A Quick Tip To Make Your Drupal Website More Secure: Turn Off PHP Filter in Posts

Just turn PHP Filter off. There's a reason why it's in a separate module turned off by default.

Now, why is it even there in the first place?

Drupal security: turn off PHP filter

One probable reason is that it can be useful for Drupal development. I seem to recall that in the dark times before the Views module came along, Drupal administrators and developers used various PHP snippets to run MySQL queries - for example, to show the list of 10 nodes tagged with a specific term on a page. You can still see a bunch of those snippets on Drupal.org handbook.However, this is not a secure practice. Even if you allow PHP filter to be used only trusted roles, if a malicious hacker takes over that role, it would have been much easier for them to cause a lot of damage to your site.

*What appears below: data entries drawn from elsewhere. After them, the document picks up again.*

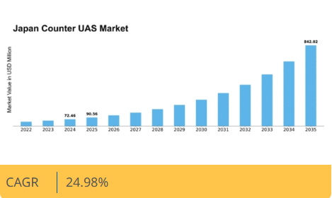 日本の対UAS市場は、技術進歩と安全保障上の懸念の高まりを背景に、2024年から2035年にかけて24.98%のCAGRで成長すると予測される。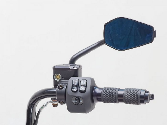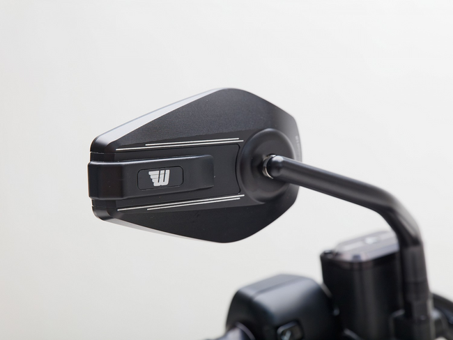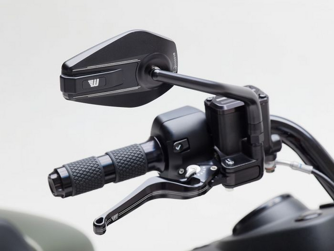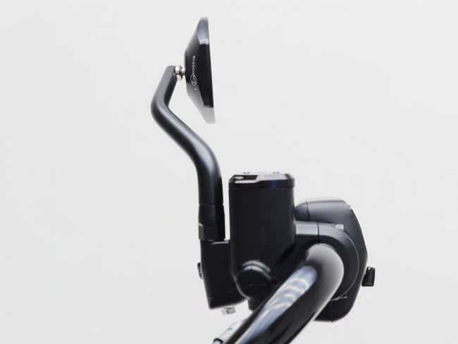 - Integrated in the housing: Exchangeable impact protector made of black plastic. This item prevents the mirror housing against ugly scratches caused by bumping on the house or garage wall when parking the bike, for instance.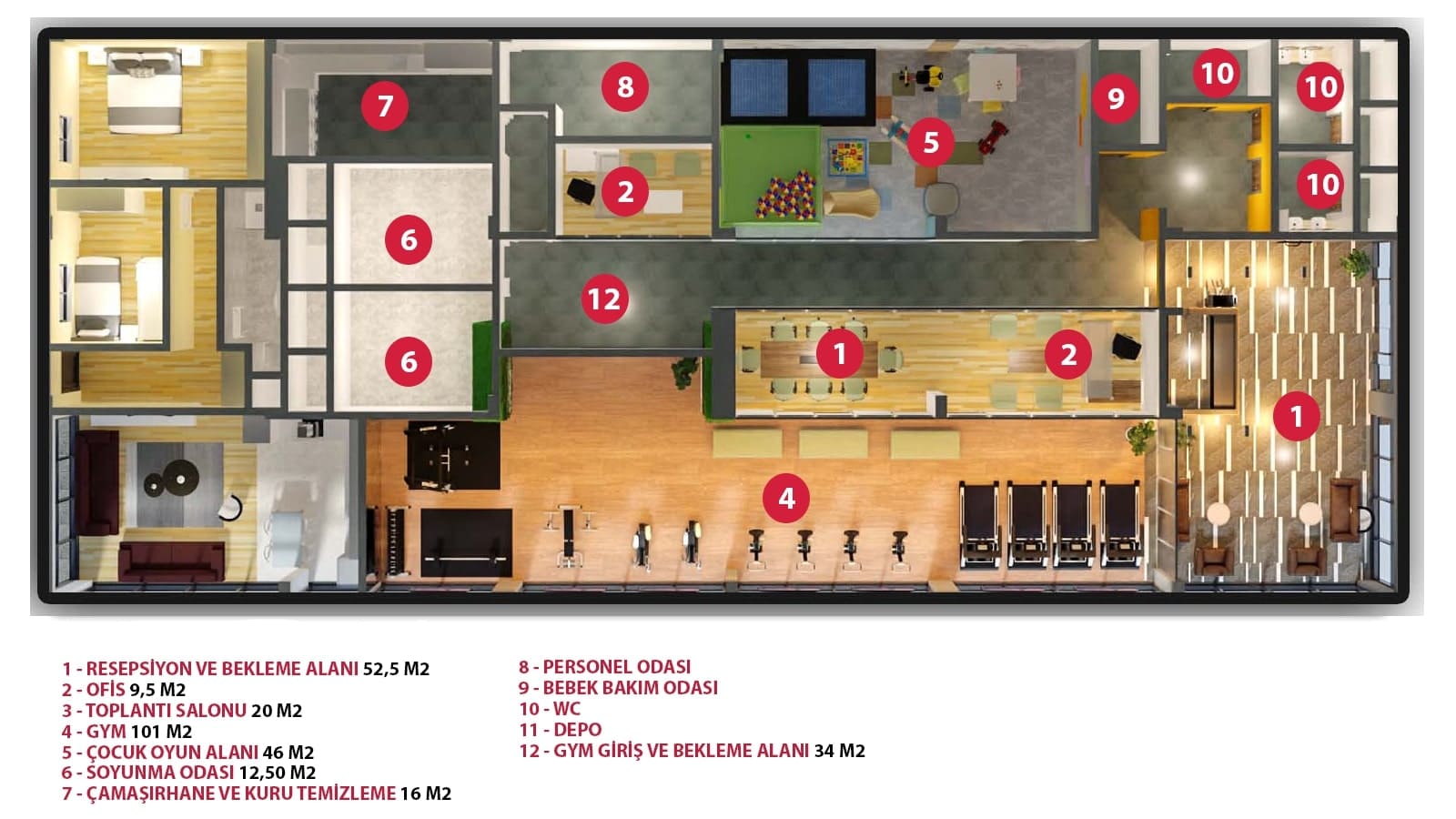 На территории в 27800 м2 расположено 24 пятиэтажных блока, летний бассейн, зимний бассейн, фитнес центр, финская сауна, хамам, зона отдыха, сад, детская площадка, зона барбекю, wi fi, система видеонаблюдения, спутниковое ТВ, охрана 7/24, электрогенератор, крытая парковка.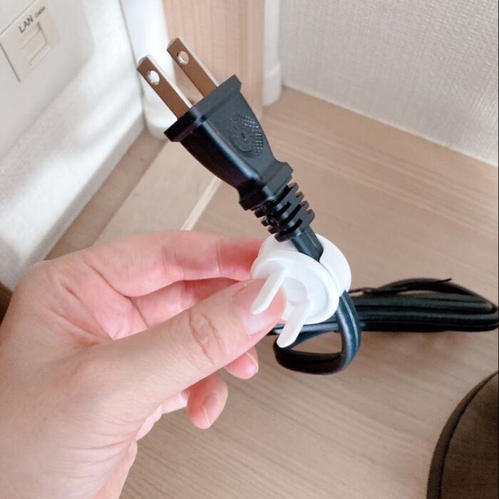 コンセントを抜いたときにプラグの代わりにコンセントに差し込めば、プラグが宙に浮いた状態で固定できます!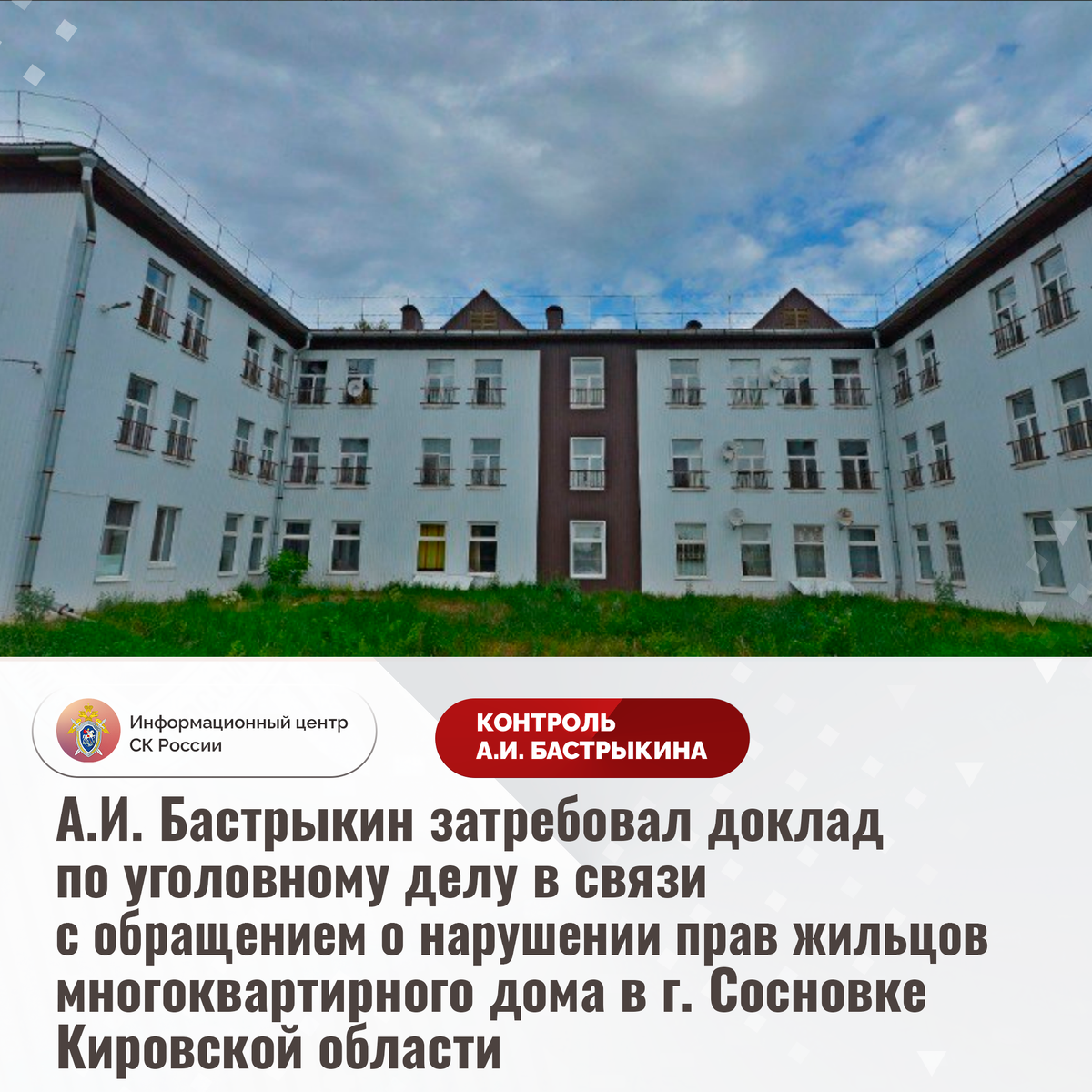 А.И. Бастрыкин затребовал доклад по уголовному делу в связи с обращением о нарушении прав жильцов многоквартирного дома в г. Сосновке Кировской области В комментариях в аккаунте приемной Председателя СК России А.И. Бастрыкина «ВКонтакте» обратилась сирота и одинокая мать из Кировской области по вопросу несогласия с ходом установления обстоятельств нарушения ее жилищных прав. Девушке предоставлено жилое помещение в многоквартирном доме на улице Советской города Сосновки, построенном в 2018 году. При этом в ходе возведения здания допущены нарушения, из-за которых в стенах образовались трещины, во время осадков верхние этажи затапливались, а температурный режим не соответствовал норме. Несмотря на жалобы жильцов, застройщик недостатки не устранил, гражданам предлагалось произвести ремонт отопительной системы и здания в целом за свой счет. Кроме этого, сирота вынуждена выплачивать долг по оплате коммунальных услуг за помещение, в котором фактически не проживала. В настоящее время ей предос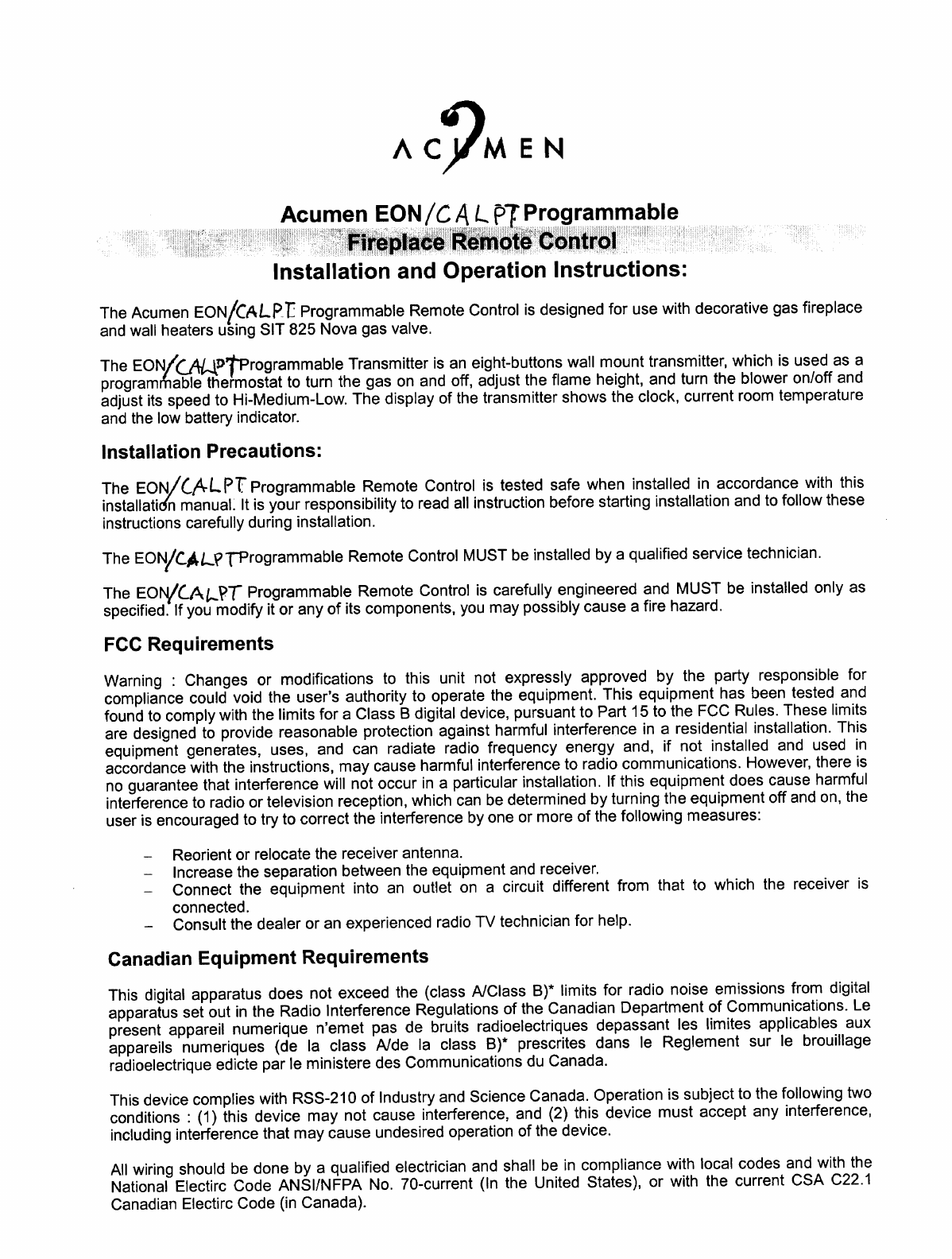 Acumen Technologies Ltd Wireless Fireplace Remote Control Manual

So, what do I do if I want to run some PHP code?

Pro Drupal Development cautiously suggest turning PHP filter off only for the Superuser (ID 1). I'll go even further: turn it off permanently, even on a development site. This way, you'll have one less thing to worry about before deployment.

Use devel module to quickly run PHP code. Or utilize theming overrides and/or create new modules, depending on what you have in mind. Whenever you can, try keeping PHP code where it belongs: in the code base.